I figli dell’altro

Da Cenerentola a Genitori in trappola, passando per il mitico Tutti insieme appassionatamente, da sempre la moglie o aspirante tale del padre non vede di buon occhio i figli di lui, che mira nel migliore dei casi a considerare un terzo incomodo da spedire prontamente in collegio senza passare per il via.

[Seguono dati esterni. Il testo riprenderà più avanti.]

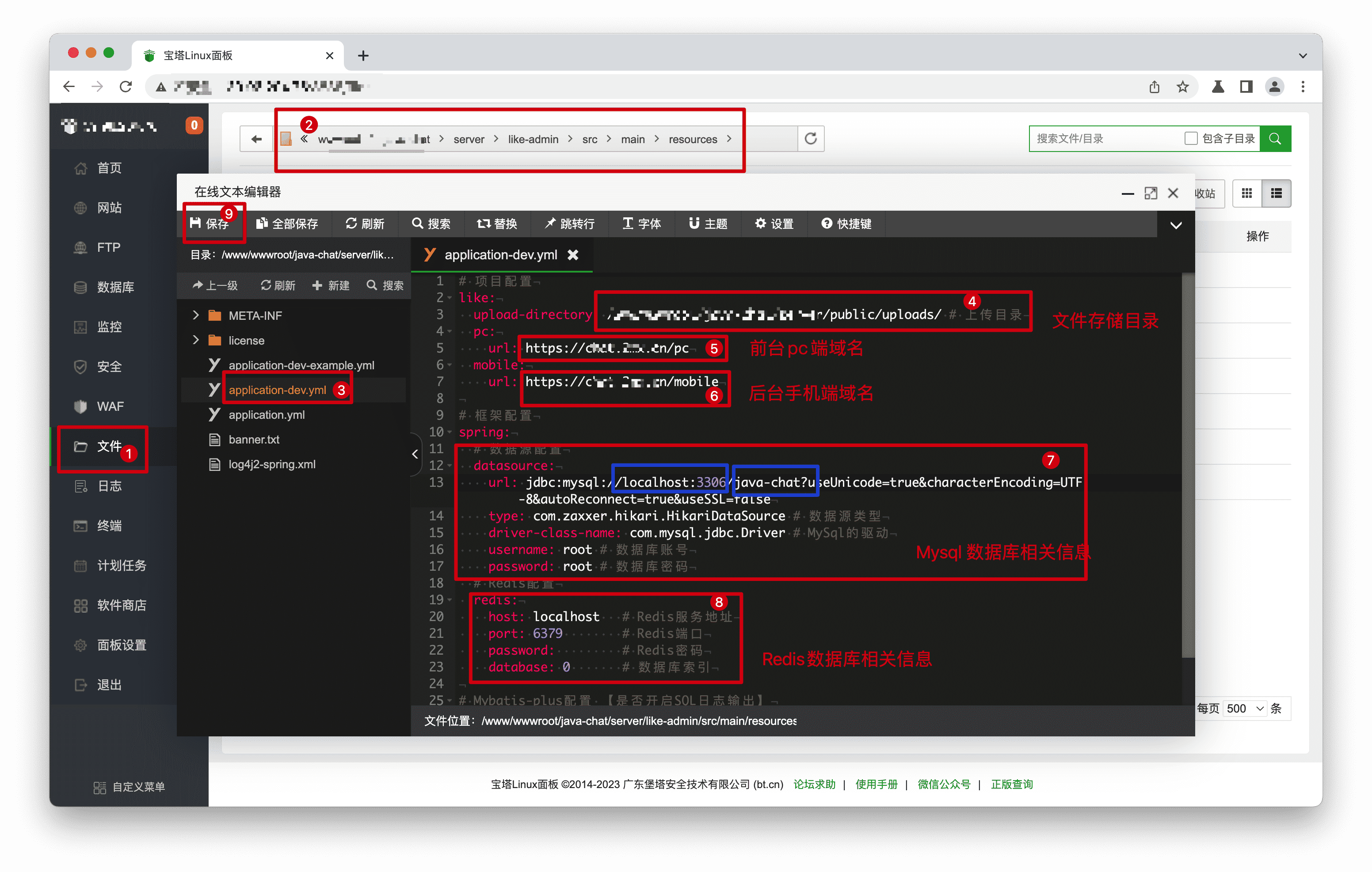- 步骤2: 复制server/like-admin/src/main/resources/application-dev-example.yml文件为application-dev.yml文件,打开application-dev.yml文件的内容,上传目录、配置好域名、Mysql、Redis,保存文件。
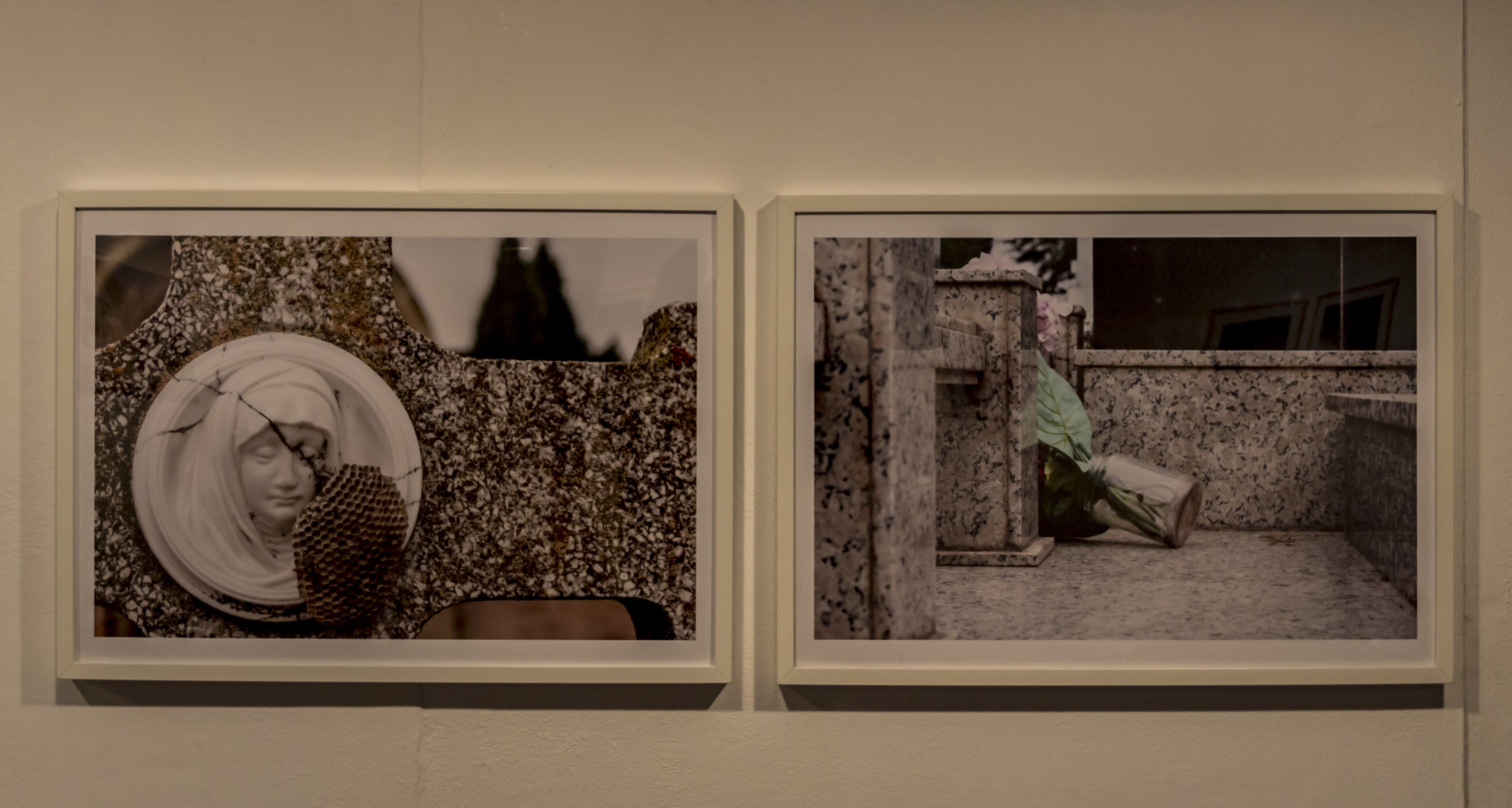 El Kintsugi’, la técnica centenaria japonesa que consiste en reparar las piezas de cerámica rotas y que se ha convertido en una filosofía de vida -frente a las adversidades y los errores hay que saber recuperarse y sobrellevar las cicatrices-, surge en el trasfondo de las fotografías de Cristina Avellanal. “Entendí el cementerio como algo cotidiano recordando que en algunas ciudades se encuentran en lugares céntricos y son como parques por los que la gente pasea. Allí encontré la lápida con la figura atravesada por una grieta y reconstruida por el panel de abejas. La fotografía habla de cómo la imperfección puede ser bonita y cómo algo roto se puede reconstruir; cómo las cicatrices no ocultan la belleza y cómo la naturaleza reconstruye la vida quebrada”. El sonido que generó un jarrón con flores de recuerdo junto a un panteón protagoniza la segunda fotografía de la serie de Cristina. “Los sonidos están presentes en el día a día y me pregunto a través de esa imagen si alguien escuchó el ruido de jarrón al volcarse en el cementerio”.

Un tempo il problema riguardava quasi esclusivamente figli orfani e matrignia, ora si parla anche, anzi, più frequentemente, di figli di genitori separati (ancora!) nel caso in cui il genitore affidatario si sia rifatto una vita con qualcun altro, con cui questi figli devono convivere.

Lasciamo stare i casi più o meno limite di matrigne alla Madame Tramaine e di padrigni depravati, e restiamo nel campo delle brave persone che però sono, ahimé, incompatibili.

Una mia amica, ragazza madre che ha trovato il compagno della sua vita in veneranda età (era intorno alla cinquantina), mi confessa tra le lacrime che sta trasferendosi altrove perché i rapporti tra suo marito e suoi figlio creano in casa una tensione insopportabile. Io non manco di dire la mia, ho le mie idee sul senso del matrimonio, per cui non approvo il matrimonio tra due ultracinquantenni (lui ultrasessantenne credo) con già figli adulti nati da relazioni precedenti, esattamente per lo stesso motivo per cui non sono d’accordo col matrimonio omosessuale: non c’è una famiglia (con prole intendo) da costruire, si vogliono amare si amino, ma il matrimonio che c’entra?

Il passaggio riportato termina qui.